Is this a possibility to be certified as a therapy dog for children with disabilities? And where would I look to find some guidance locally? Or should I say what organization would I look into? 

Sorry this is so darn long! I would greatly appreciate any thoughts or feedback on getting started. 

Thank you so much.

Angela & Eva


----------



## Jax08 (Feb 13, 2009)

Yes, your pup has to be a year old.

I don't know if you can specifically certifiy a dog for children with disabilities but look on Therapy Dog International. They do have a reading program for kids. I assume once your dog is certified you could take her anywhere.

My trainer comes to your area in the winter. I can't remember the town.

I've seen the change in a little autistic girl with my dog too. It's amazing the change these kids have with animals.


----------



## Fodder (Oct 21, 2007)

hi
it was explained to me by a trainer that once your dog successfully passes the therapy dog certification - additional training and/or a certain about of hours or time period must pass of doing general therapy work with adults before moving on to special need kids. (not all organizations require this, my apologies for not knowing all of the particulars)

but to be honest, it depends greatly on the organization in which she's certified (which is different from a registry) and the actual facility that you plan to work with. some faciities will accept dogs from one organization and not another because some require higher levels of training, etc.

my boy and i will be going the TDI route (therapy dogs international)... and although we still have quite a bit of work to do - we did participate in a career day at an elementary school (where i did a presentation on animal related careers, jobs that dogs themselves have, and general responsible pet ownership topics) and since then have been asked back several times. a couple of the classrooms that we work with are special ed (the full spectrum).

i agree, its very rewarding... there are kids who stayed in their corner during the first visit... but are now the first ones coming up to Tilden as soon as we enter the class.


----------



## ILGHAUS (Nov 25, 2002)

Kids and dogs, does it get any better than that?









Do you have a local children's hospital? If so call and ask them if there is a group of therapy dogs that come visit. If there is then find out the name of the group and contact them. 
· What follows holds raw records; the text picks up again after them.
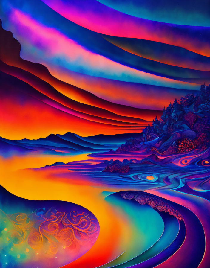 Colorful Psychedelic Landscape with Stylized Tree and Sunset Sky
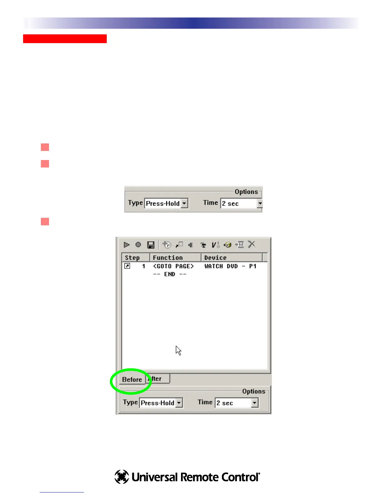 3 Click on the Tab at the bottom of the Macro Window labeled BEFORE, then program a jump to the
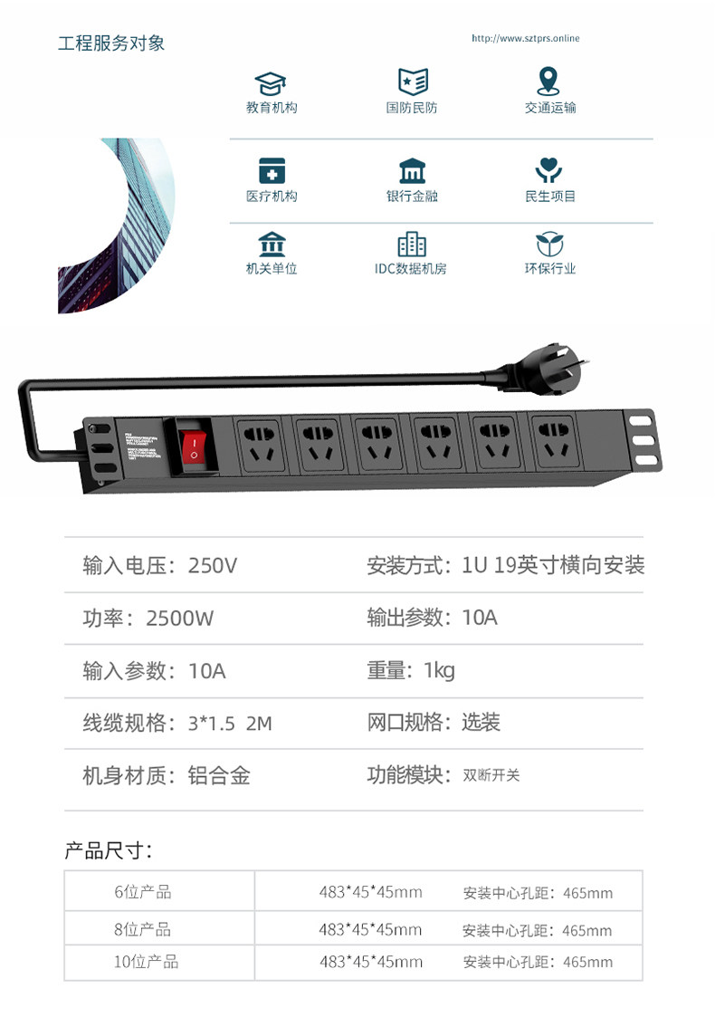 PDU机柜电源插座13A1U19英寸8位铝合金排插接线板排插
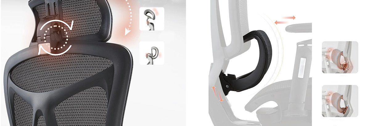 The backrest is used to counteract the effect of gravity on the spine. Its core function is to provide dynamic lumbar support-that is, to maintain the internal curvature of the spine's natural "S" curve. In the base chair, this is a static cushion. In a true ergonomical mesh desk chair, this is an adjustable system that includes a height-adjustable lumbar support (which can move up and down), an adjustable depth-adjustable support pad (which can protrude forward and backward), or a flexible tension-adjustable mesh backrest that automatically fits the body. The backrest is connected to the seat cushion through a reclining mechanism. This is the core principle of the mesh ergonomical desk chair design.

No children's hospital, then contact a regular hospital and ask if they allow therapy dog visits in their children's area. From there again you can find the group and contact them.

Once you find a group that works their dogs around children you can find out if any specialize.


----------



## Chicagocanine (Aug 7, 2008)

It all depends on what organization you go with. You can find a list of therapy dog organizations here:
http://www.dogplay.com/Activities/Therapy/join.html

Right now you should keep focusing heavily on socialization. There are critical periods of socialization from 8-12 weeks of age for puppies and it is important to properly socialize the pup at that time. You can read more about how to properly socialize, what types of things should be done and what the socialization periods are here:
http://www.dogscouts1.com/How_to_socialize.html

and here:
http://www.dogscouts1.com/Puppies_section.html


----------



## Angela-R (May 11, 2009)

WOW, thank you for all the amazing quick responses! 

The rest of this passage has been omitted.